Epilog

8.4K 412 69
                                    

Ada satu saat dimana seseorang merasa bosan dengan sebuah hubungan. Tapi ada seseorang juga bilang, bosan bukan suatu alasan untuk memutuskan suatu hubungan. Bosan mungkin dialami oleh sebagian besar pasangan, begitupun juga dengan pasangan Senja dan Caca.

Terkadang bosan datang, tapi mereka tak pernah menggubris hal itu.

Sepuluh tahun masa-masa mereka yang penuh dengan rintangan hingga akhirnya mereka bersatu, dengan ikatan yang sah yaitu pernikahan sudah cukup memberikan pengalaman untuk mereka berdua agar berhati-hati dalam mengambil keputusan.

Sebulan setelah acara lamaran yang dilakukan Senja waktu itu, akhirnya mereka menikah, saat itu kehamilan Caca berumur enam bulan.

Sekarang, satu tahun setelahnya, anak mereka yang diberi nama Chiara Fayola Putri sudah berusia sembilan bulan. Dan sedang aktif-aktifnya bergerak, merangkak dan selalu ingin tau. Caca kewalahan, tapi dia tak berniat untuk mencari pengasuh untuk bayinya. Terkadang dia merengek pada Senja dan meminta Senja untuk meluangkan waktunya sebentar saja, tapi Senja terlalu sibuk di rumah sakit, dan Caca tak bisa protes. Hampir seminggu penuh tak ada waktu untuk anak mereka, Caca saja bisa berbicara dengan Senja saat malam hari setelah Senja pulang dari rumah sakit.

Dia selalu menunggu Senja pulang di sofa ruang tamu, atau terkadang dia menonton tv untuk mengurangi rasa bosannya. Tinggal di rumah milik Senja yang seperti istana dan hanya ditempati dia, Senja juga anak mereka tentu membuat Caca bosan. Dia tak bisa lagi pergi kemana-mana karena dia lebih ingin di rumah dan menjaga Chiara.

Hari-hari biasanya, Senja pasti sudah pulang saat ini. Akan tetapi, Caca yang sudah sejak pagi menunggu Senja harus kecewa karena sampai saat ini Senja belum juga pulang. Padahal ini sudah hampir jam dua belas malam.

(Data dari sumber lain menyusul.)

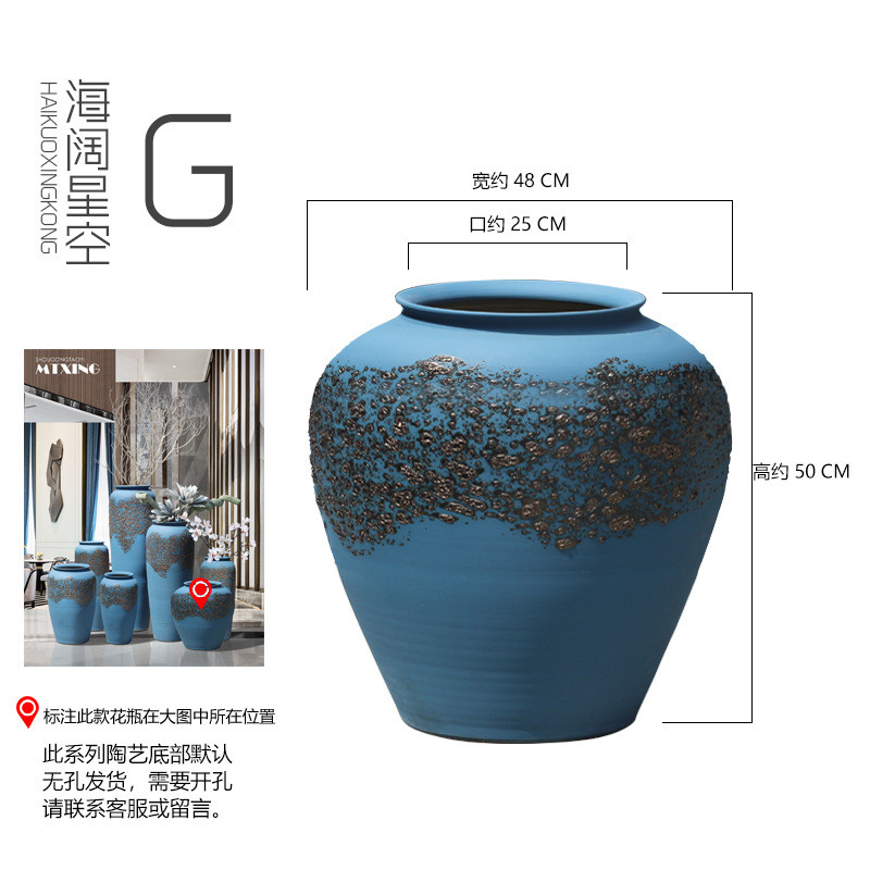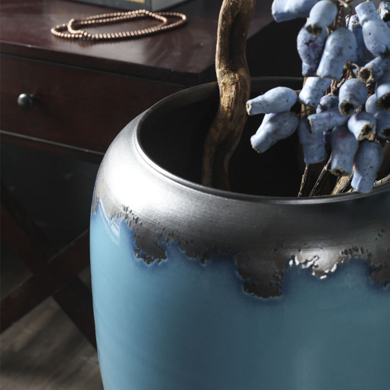 地中海时尚蓝色复古落地大花瓶干支陶罐软装会所别墅摆件酒店饰品

Ara-nama panggilan untuk Chiara- sudah tertidur sejak tadi. hari ini anak itu tidak rewel dan hal itu cukup membantu Caca yang sangat kelelahan hari ini.

Suara deruman mobil membuat Caca cepat-cepat bangun dan berjalan untuk membukakan pintu. Tepat saat dia membuka pintu, terlihatlah wajah lelah Senja dengan tatanan rambut yang sudah lecek, tak seperti pagi tadi yang ditata begitu rapi dibantu oleh Caca sendiri.

“Kamu belum tidur? Aku kan udah bilang, jangan nunggu aku pulang sayang,” ucap Senja setelah dia masuk dan berjalan terlebih dahulu diikuti Caca di belakangnya.

Bisa nggak sih menghargai sedikit aja. Cium dulu kek apa peluk, batin Caca kesal.

Caca menghela napas menahan emosinya, sebisa mungkin dia ingin menjadi istri yang baik untuk Senja. Mengabaikan ucapan Senja, Caca tetap mengikuti Senja ke kamar mereka, melepaskan sepatu Senja, membuka jas dokter milik Senja, dan menyiapkan air panas untuk Senja mandi.

“Aku ngomong sama kamu Ca, bisa nggak sih kamu dengerin aku!” Caca yang baru keluar dari kamar mandi dan hendak mengambilkan handuk untuk Senja berhenti dan memejamkan matanya sesaat. Kenapa dia ingin menangis?

“Aku dengerin kamu kok,” jawab Caca lirih. Dia tetap mengambil handuk untuk Senja dan berjalan ke arah Senja lalu memberikan handuk itu untuk Senja.

“Mandi dulu ya,” ucapnya pada Senja disertai senyum manisnya.

“Jangan mengabaikan suami Ca, nggak baik!” Setelah mengatakan itu Senja langsung beranjak pergi ke kamar mandi dan meninggalkan Caca yang masih berdiri di tempatnya tadi.

Bahkan saat Senja sudah keluar dari kamar mandi, Caca masih berdiam diri di sana.

“Kamu mau di sana terus? Nggak ngantuk?” petanyaan Senja setidaknya mampu menyadarkan Caca dari lamunannya.